The Social Outreach Committee is the new name for the former Mission & Outreach Committee in taking responsibility for disbursing Advent funds to various charities. The Committee is composed of Father King, John Archer, David and Anne Ferry, Betsy Madsen, Sam Warren, and Ken and Shelley Wolfe. Its rationale, when selecting recipients, is as follows:

"Social mission is a vital part of our witness to Jesus. Our first priority is to the life of the poor of this city and to organizations which meet their several needs: health, legal support, housing, food, education. We also aim to enter more fully into the life of the Diocese and of the City, to both of which we are indebted. Additional gifts reflect our sense of belonging to the larger world, and our responsibilities to the world’s poor."

Donations for 2000
1) Epiphany School, Boston
$6000
2) Mass Housing and Shelter Alliance $5000
3) Episcopal City Mission, Boston* $5000
4) Hope Flowers School, Palestine $3000
5) Assorted Campus Ministries, Boston $3000
6) Interfaith AIDS Ministry, Boston $3000
7) Boston Healthcare for the Homeless* $3000
8) Refugee Immigration Ministry, Boston * $3000
9) Afterschool Program, St James & St John, Roxbury* $3000
10) Episcopal Relief & Development Fund $3000
11) Westcott House (Seminary), Cambridge UK* $3000
12) Greater Boston Legal Services* $3000
13) Neighborhood Action, St John’s Bowdoin Street* $1000
14) Emmanuel Church, Boston* $1000
15) Christian Appalachian Project, Kentucky* $1000
16) St Augustine’s Church, Brighton UK* $1000
17) Common Cathedral, Boston* $1000
TOTAL $46,000

*New this year.

The Advent’s own Tuesday Night Suppers receives $10,000 from the parish. This amount is not included in the Committee’s budget.

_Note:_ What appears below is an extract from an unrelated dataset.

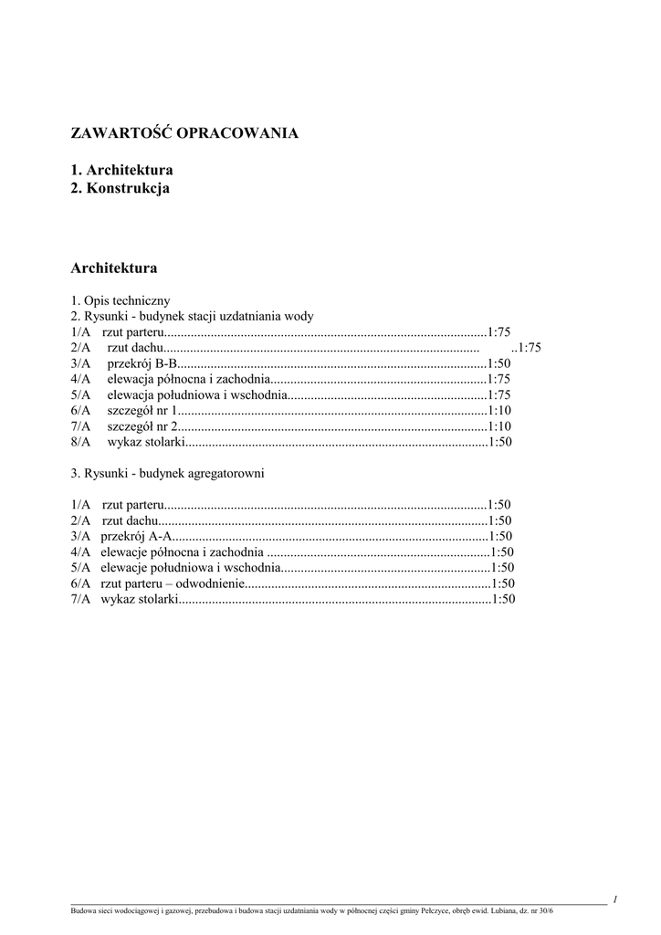 ZAWARTOŚĆ OPRACOWANIA 1. Architektura 2. Konstrukcja Architektura 1. Opis techniczny 2. Rysunki - budynek stacji uzdatniania wody 1/A rzut parteru.................................................................................................1:75 2/A rzut dachu............................................................................................... ..1:75 3/A przekrój B-B.............................................................................................1:50 4/A elewacja północna i zachodnia.................................................................1:75 5/A elewacja południowa i wschodnia............................................................1:75 6/A szczegół nr 1.............................................................................................1:10 7/A szczegół nr 2.............................................................................................1:10 8/A wykaz stolarki...........................................................................................1:50 3. Rysunki - budynek agregatorowni 1/A 2/A 3/A 4/A 5/A 6/A 7/A rzut parteru.................................................................................................1:50 rzut dachu...................................................................................................1:50 przekrój A-A...............................................................................................1:50 elewacje północna i zachodnia ...................................................................1:50 elewacje południowa i wschodnia...............................................................1:50 rzut parteru – odwodnienie..........................................................................1:50 wykaz stolarki..............................................................................................1:50 __________________________________________________________________________________________________________ 1 Budowa sieci wodociągowej i gazowej, przebudowa i budowa stacji uzdatniania wody w północnej części gminy Pełczyce, obręb ewid. Lubiana, dz. nr 30/6 1. OPIS TECHNICZNY (budynek SUW i agregatorownia). 1. Opis ogólny a) budynek SUW składa się z następujących pomieszczeń: hala główna sterownia przedsionek WC ustęp pomieszczenie chloratora b) budynek agregatorowni składa się z następujących pomieszczeń: rozdzielni pom.agregatu 2. Dane techniczne a) budynek SUW : powierzchnia zabudowy powierzchnia uŜytkowa kubatura a) budynek agregatorowni : powierzchnia zabudowy powierzchnia uŜytkowa kubatura - 273.0 m2 - 245.4 m2 - 1502 m3 - 35.0 m2 - 26.5 m2 - 130 m3 3. Zatrudnienie i obsługa stacji uzdatniania wody (SUW). Stacja uzdatniania wody „BaŜanty” w Lubianie będzie w pełni zautomatyzowana. Z tego teŜ powodu nie przewiduje się stałego zatrudnienia, a jedynie okresową kontrolę poprawności działania poszczególnych urządzeń i automatyki. 4. Fundamenty. a) fundament budynku: ściany fundamentowe z bloczków betonowych wykonać izolację pionową ścian fundamentowych na zimno typu SUPERFLEX 10 łącząc z izolacją podłogi (do poziomu+0.35) ściany fundamentowe do poziomu cokołu od zewnątrz ocieplić płytami styropianowymi gr.10 EPS 100 038 (FS-20) na zakładkę całość zasypać Ŝwirem a) fundamenty pod urządzenia 5. Przepusty w ścianach fundamentowych. Wykonać przepusty (przejścia rur) przez ściany fundamentowe wg proj.instalacji techologicznych. Szczeliny wypełnić uszczelniaczami elastycznymi, wodoszczelnymi, odpornymi na środki chemiczne ( rozwiązania systemowe typu KERAKOLL, SOUDALL, SCHOMBURG, DEITERMANN). 6. Otwory w ścianie. W ścianach zewnętrznych wykonać otwory technologiczne wg projektu technologiczno-instalacyjnego. 7. Ściany. a) ściany zewnętrzne dwuwarstwowe gr.39.0 cm (budynek SUW) i 36.0 cm (agregatorownia) wykonać z bloczków betonu komórkowego gr. 24.0 cm na zaprawie klejowej-termicznej o wytrzymałości 5 Mpa, z ociepleniem od zewnątrz płytami styropianowymi gr.15.0 (12 cm - agregatorownia) cm EPS 70-040. Współczynnik przenikania ciepła U=0.24 W/m2K. b) ściany działowe ściany z bloczków betonu komórkowego gr. 12.0 cm na zaprawie klejowej-termicznej o wytrzymałości 5 Mpa, __________________________________________________________________________________________________________ 2 Budowa sieci wodociągowej i gazowej, przebudowa i budowa stacji uzdatniania wody w północnej części gminy Pełczyce, obręb ewid. Lubiana, dz. nr 30/6 8. NadproŜa. NadproŜa okienne i drzwiowe wykonać z belek L19. 9. Wieniec. Na obwodzie ścian zewnętrznych wykonać wieniec Ŝelbetowy W1. 10. Podłoga. Płyta Ŝelbetowa gr. 10.0 cm zbrojona siatką, izolowana folią PE gr. 0.2 mm, Podłogę na gruncie wykonać wg układu warstw jak na rysunkach. Podłogę izolować płytami styropianowymi gr.10 EPS 100 038 (FS-20) na zakładkę lub 2x5cm (z przesunięciem). z jastrychem cementowym gr. 4 cm oddzielonym od ścian taśmą dylatacyjną (paskami styropianu) gr. 2.0 cm. 11. Opaska przycokołowa. Wokół budynku wykonać opaskę z płytek chodnikowych 40x40 cm na podsypce piaskowej stabilizowanej cementem. 12. Pochylnia Przy drzwiach zamykanych bramą rolowaną wykonać pochylnię o spadku 15%, betonową na podsypce piaskowej utwardzonej pokrytą gresem antypoślizgowym. (relief) 13. Wycieraczki. Przy drzwiach zewnętrznych zastosować wycieraczkę zewnętrzną z rusztem typu ACO 60x40 cm . oraz wewnęrzną w grubości płytek. 14. Izolacje p.wilgociowe. a) Izolacja pozioma, podłoga – folia PE gr.0.2 mm, klejona na zakład, łączona z izolacją poziomą fundamentów b) Izolacja pozioma, fundamenty - papa termozgrzewalna na osnowie z tkaniny szklanej + grunder oraz termicznie płytami styropianowymi c) izolacja pionowa – ABIZOL 2R+P z przedłuŜeniem na ściany 30 cm nad teren, łączona z izol. poziomą 15. Wpusty podłogowe (odwodnienia punktowe) i odwodnienia liniowe. W posadzce zamontować

In the list above there are 11 new organizations receiving funds from this parish, and we will be giving you thumbnail sketches of each of them, starting here with the Refugee Immigration Ministry, Greater Boston Legal Services, and the Christian Appalachian Project.

The Refugee Immigration Ministry (RIM)

RIM has as its motto: "Building community to serve uprooted peoples!", and its mission is "to serve asylum seekers and those detained by the U.S. Immigration and Naturalization Service through social services, pastoral care and advocacy." Based in Malden, RIM was founded in 1985 and its Executive Director is an Episcopal priest. The chaplain is a Roman Catholic, and assisting seminarians are from various denominations. The ministry reinvented itself in response to the punitive legislation of 1996 which, RIM says, has made "a scapegoat of immigrants, including mandatory detention and expedited deportation.... Congress has now admitted that this legislation was ill-conceived ...".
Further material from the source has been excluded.